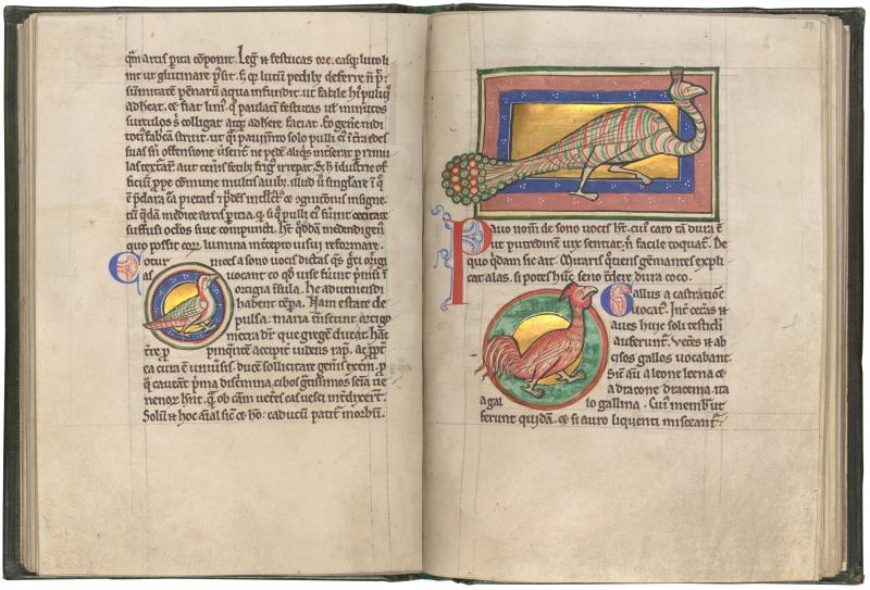 This peacock may reflect comparisons of the bird with tail open to prideful preachers, and the advice offered by bestiaries that the peacock “keep its tail down.” Below, a cock illustrates a description of the power of the cock’s crow, thought to calm storms and frighten robbers.
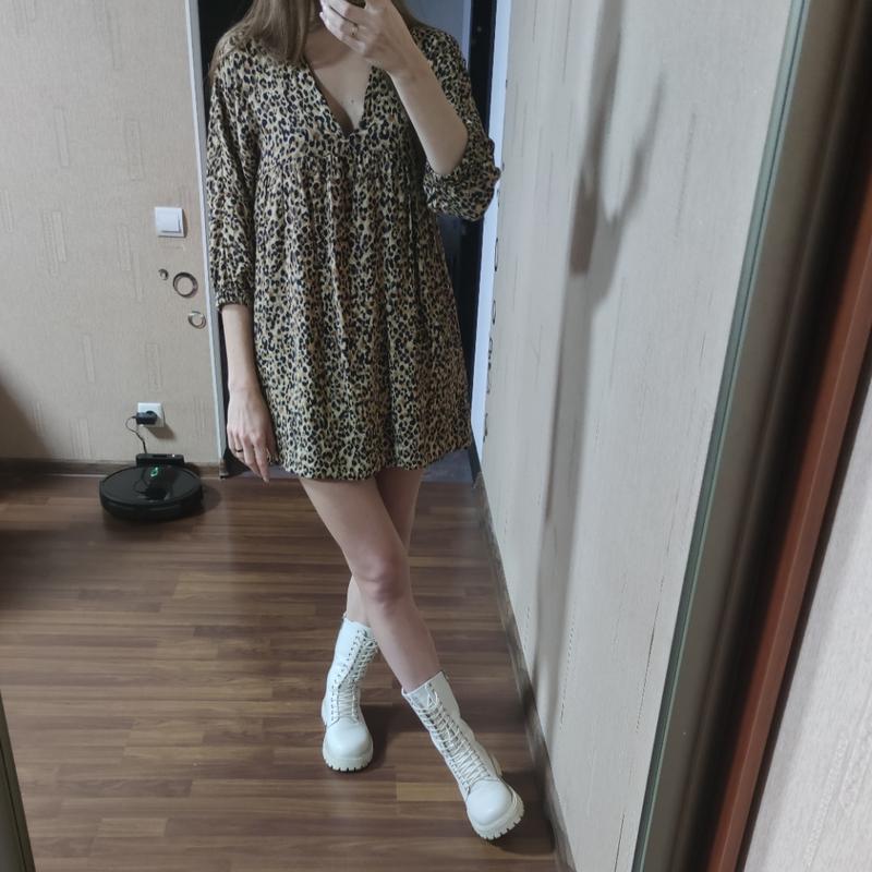 Актуальный принт, есть подклад и карманы Очень круто под грубые ботинки и под ботфорты По бирке XS но большемерит, можно и на S и на М Грудь до 92 Бедра любые, крой свободный Длина по спинке 78 Одето на 92/68/96 рост 172
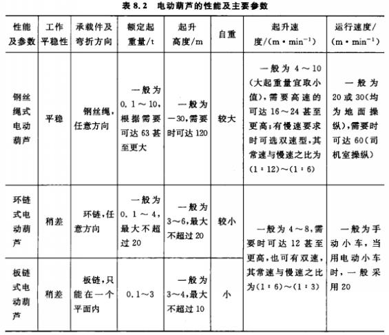 電動葫蘆有鋼絲繩式、環鏈式和板鏈式三種形式。電動葫蘆的性能及主要參數表如表8.2所示。
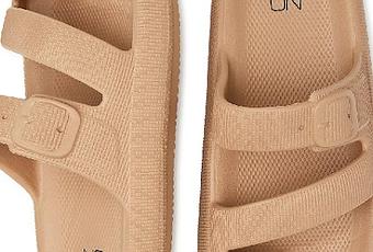 -- This thong slide is your perfect warm-weather choice with a lightweight design and soft molded footbed. Available in Lavender and Tan, sizes 6 to 11.
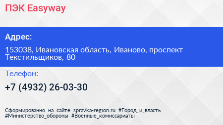 ПЭК: Easyway по адресу 153038, Ивановская область, Иваново, проспект Текстильщиков, 80 в дальнейшем Организация, размещена в следующих категориях:
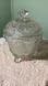 Vintage 1950s Clear Candy Vanity Powder Jar With Grapes And Leaves Jeannette Glass
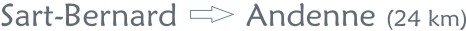 > Het is blijkbaar onvermijdelijk om via de stad Namen te passeren indien je vanuit Andenne met openbaar vervoer Sart-Bernard wil bereiken of vv. Zo ben je dus toch een uur à anderhalf uur onderweg. Het treinstation voor Andenne ligt eigenlijk op de noordelijke Maasoever, te Seilles, zodat je nog een 2 km te voet moet tot het start- of eindpunt van GRP 575 bij de kapittelkerk van Andenne. Ook als je per bus reist, lijkt de passage via de stad Namen of Jambes nog de beste mogelijkheden te bieden. Gebruik de treinplanner van de NMBS of de busplanner van TEC. Onderweg is er horeca te Goyet (enkel 's avonds open!).
=-=-=-=-=
**AIM OF THE TASK**:
Copy out the full material exactly. Pictures should not appear in it.

**TASK ANSWER**:
 This peacock may reflect comparisons of the bird with tail open to prideful preachers, and the advice offered by bestiaries that the peacock “keep its tail down.” Below, a cock illustrates a description of the power of the cock’s crow, thought to calm storms and frighten robbers.
 Актуальный принт, есть подклад и карманы Очень круто под грубые ботинки и под ботфорты По бирке XS но большемерит, можно и на S и на М Грудь до 92 Бедра любые, крой свободный Длина по спинке 78 Одето на 92/68/96 рост 172
 電動葫蘆有鋼絲繩式、環鏈式和板鏈式三種形式。電動葫蘆的性能及主要參數表如表8.2所示。
 -- This thong slide is your perfect warm-weather choice with a lightweight design and soft molded footbed. Available in Lavender and Tan, sizes 6 to 11.
 ПЭК: Easyway по адресу 153038, Ивановская область, Иваново, проспект Текстильщиков, 80 в дальнейшем Организация, размещена в следующих категориях:
 Vintage 1950s Clear Candy Vanity Powder Jar With Grapes And Leaves Jeannette Glass
 > Het is blijkbaar onvermijdelijk om via de stad Namen te passeren indien je vanuit Andenne met openbaar vervoer Sart-Bernard wil bereiken of vv. Zo ben je dus toch een uur à anderhalf uur onderweg. Het treinstation voor Andenne ligt eigenlijk op de noordelijke Maasoever, te Seilles, zodat je nog een 2 km te voet moet tot het start- of eindpunt van GRP 575 bij de kapittelkerk van Andenne. Ook als je per bus reist, lijkt de passage via de stad Namen of Jambes nog de beste mogelijkheden te bieden. Gebruik de treinplanner van de NMBS of de busplanner van TEC. Onderweg is er horeca te Goyet (enkel 's avonds open!).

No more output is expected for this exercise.